Chemistry Influences Earth's Rotation

The possible existence of a highly conducting mineral layer just above the boundary between Earth's core and mantle has gotten earth scientists a little excited. Such a layer would, by electromagnetic coupling, have a small influence on the exchange of angular momentum between the planet's rotating fluid core and its solid mantle. Theorists say this tiny difference could explain why the length of an Earth day fluctuates by a millisecond or so year-to-year and could contribute ever so slightly to Earth's wobbling axis of rotation. Kei Hirose and Kenji Ohta at Tokyo Institute of Technology and coworkers present a chemical model that provides the first direct conductivity measurements of the proposed mineral (Science 2008, 320, 89). The team prepared samples of perovskite, a common magnesium-iron silicate mineral, and tested its electrical conductivity in a laser-heated diamond anvil cell. At the high temperature and pressure expected at the core-mantle boundary, the scientists observed the mineral undergo a phase transition to form "postperovskite." This transition is accompanied by a shift in the electronic structure of metal atoms, causing the conductivity to jump by two orders of magnitude. It is a postperovskite layer, perhaps 300-km thick, just above the core-mantle boundary that could give rise to Earth's observed rotational fluctuations, the researchers say.

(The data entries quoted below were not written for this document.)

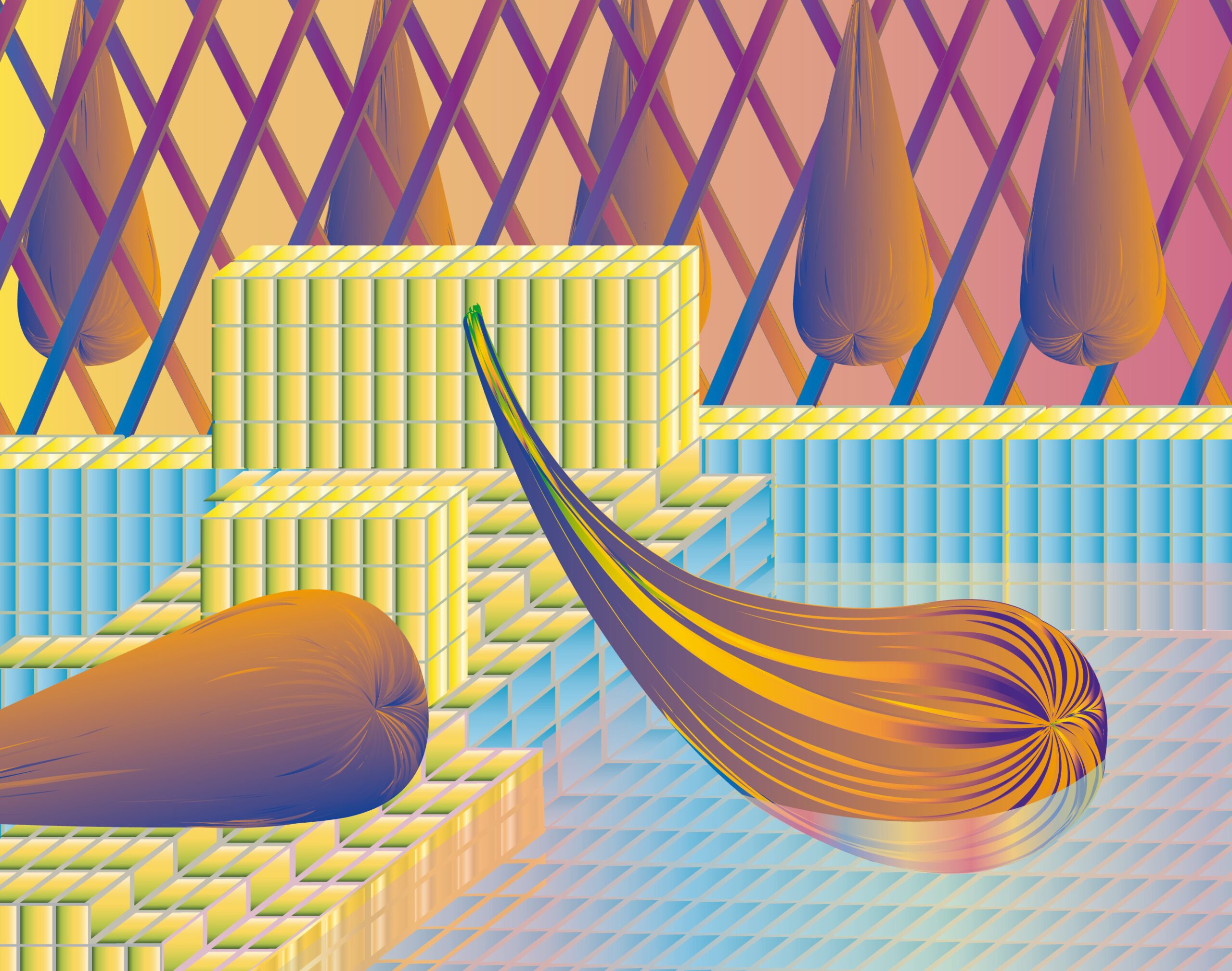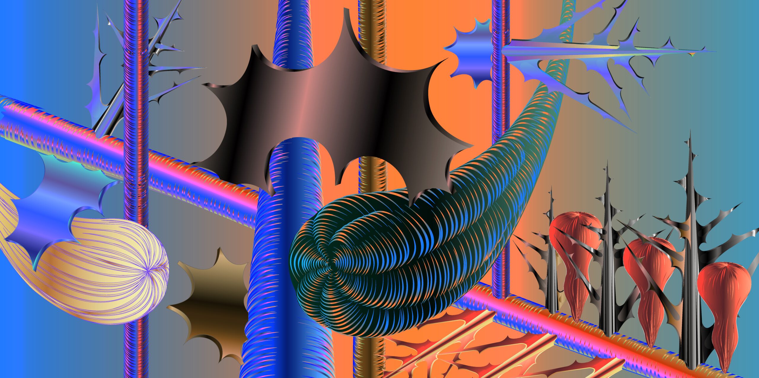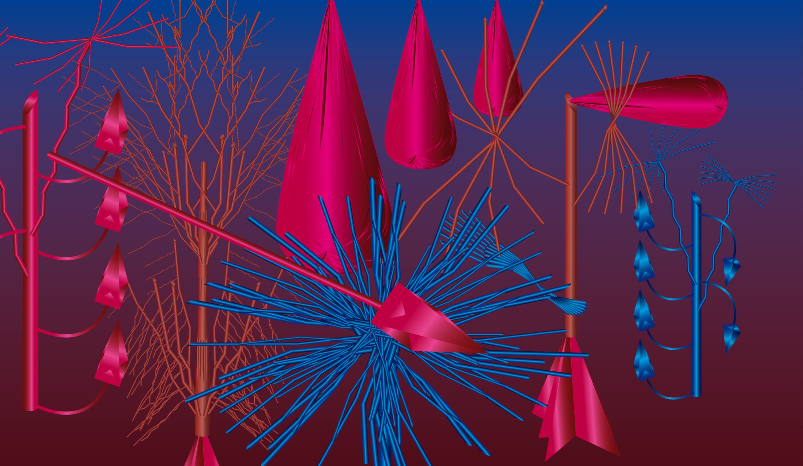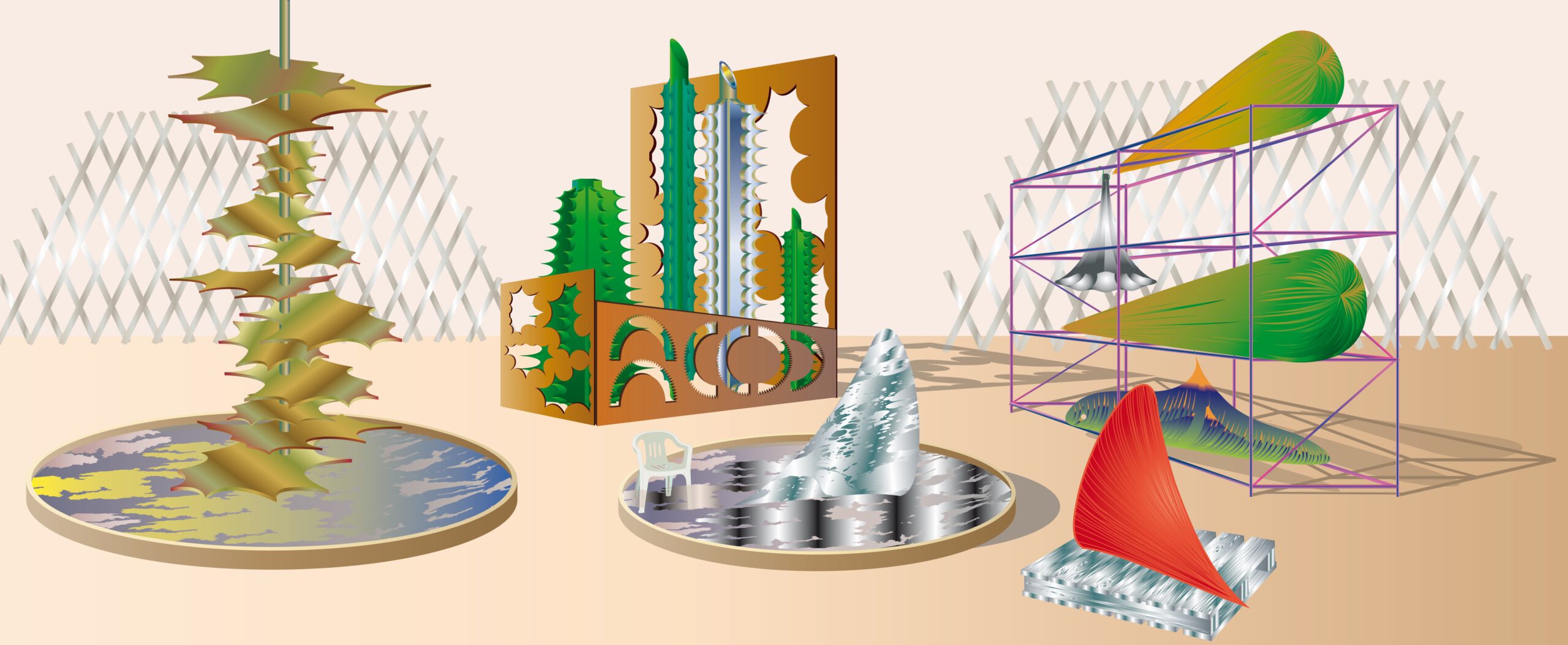 Serie digitale tekeningen van hybride plantmodellen die balanceren tussen natuur en kunstmatigheid,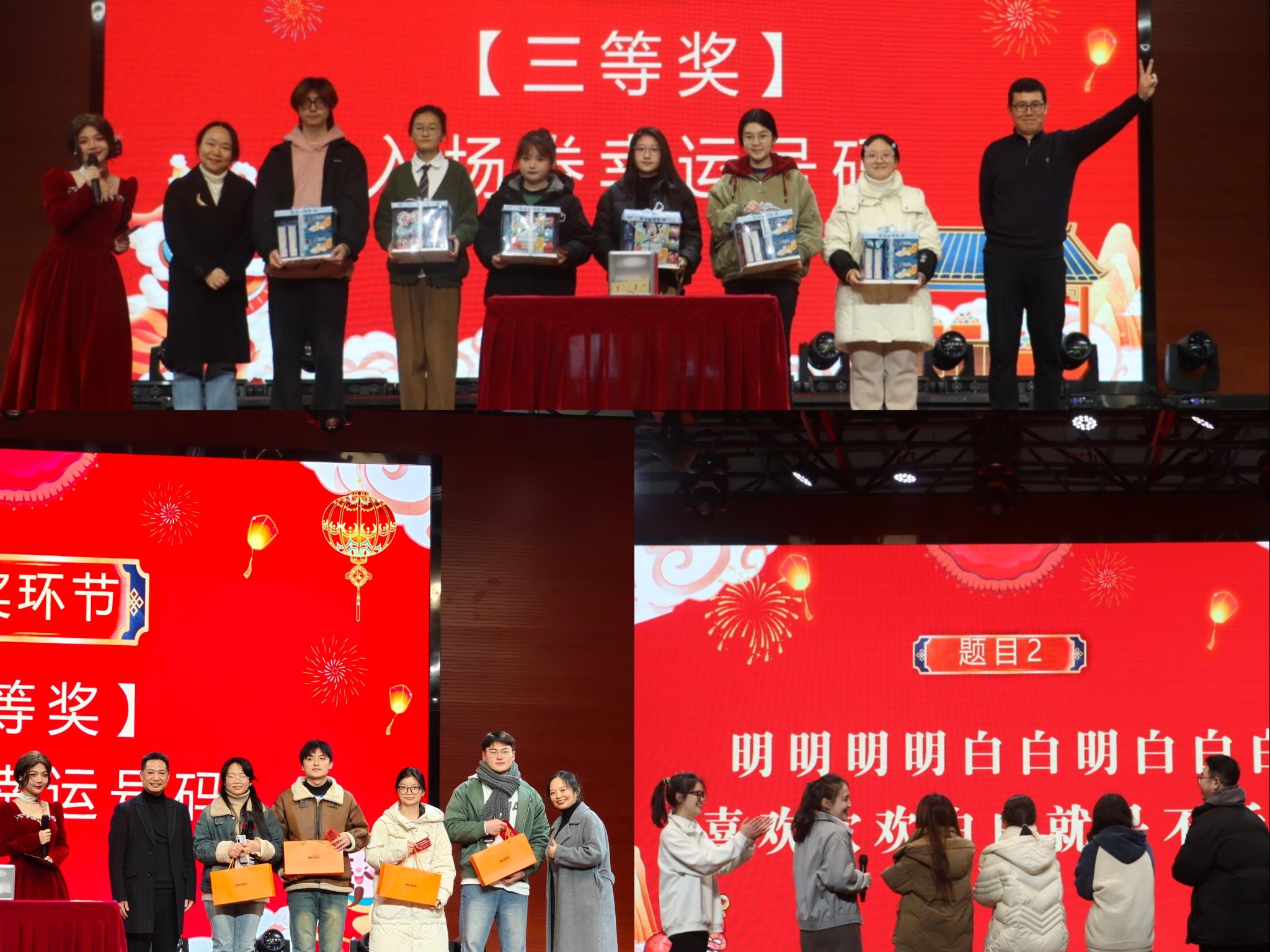 晚会节目与游戏互动穿插进行,师生们积极参与,气氛热烈非凡。现场设置了“绕口令速通”趣味游戏,不仅考验了大家的反应能力和友谊精神,也让师生们在轻松愉快的氛围中增进了感情。在抽奖环节,公司领导亲自上台抽取幸运观众并送上丰富奖品,现场惊喜不断。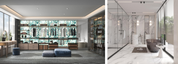 衣帽間采用透光奢石設(shè)計(jì),厚重與清透的感受相互融合,隱藏式燈帶與綠色奢石形成和諧互補(bǔ)。衛(wèi)生間色調(diào)搭配簡(jiǎn)約優(yōu)雅,精工奢石材質(zhì)為室內(nèi)增添了溫暖和深度,干濕分離則營(yíng)造出一種層次分明的感受,這些元素以一種靈動(dòng)而舒適的方式將空間連接起來(lái)。

Nanobacteria May Only Be Nanoparticles

© Proc. Natl. Acad. Sci. USA

Nanobacteria are a putative novel life form first identified in the 1990s and implicated in the origin of life and in a variety of diseases. Now it seems that nanobacteria may simply be calcium carbonate nanoparticles, according to research by Jan Martel of Chang Gung University, in Taiwan, and John Ding-E Young of Rockefeller University (Proc. Natl. Acad. Sci. USA, DOI: 10.1073/pnas.0711744105). Martel and Young used published methods to "culture" nanobacteria from human blood and compared the resulting nanospheres to calcium compounds likely to precipitate in biological fluids. They found that calcium carbonate nanoparticles (shown) prepared in cell culture media from (NH4)2CO3 and CaCl2 closely resemble previously reported isolated nanobacteria. Specifically, the CaCO3 nanoparticles appear to have an amorphous layer at the surface that looks like a membrane, and two adjacent particles seem to be undergoing cell division. The researchers also found that purported nanobacteria-specific antibodies, which are commercially available, may bind to serum albumin and form an insoluble matrix with CaCO3. Before now, CaCO3 particles had only been identified in the inner ear, so finding them in other tissues such as blood may have implications for disease pathology.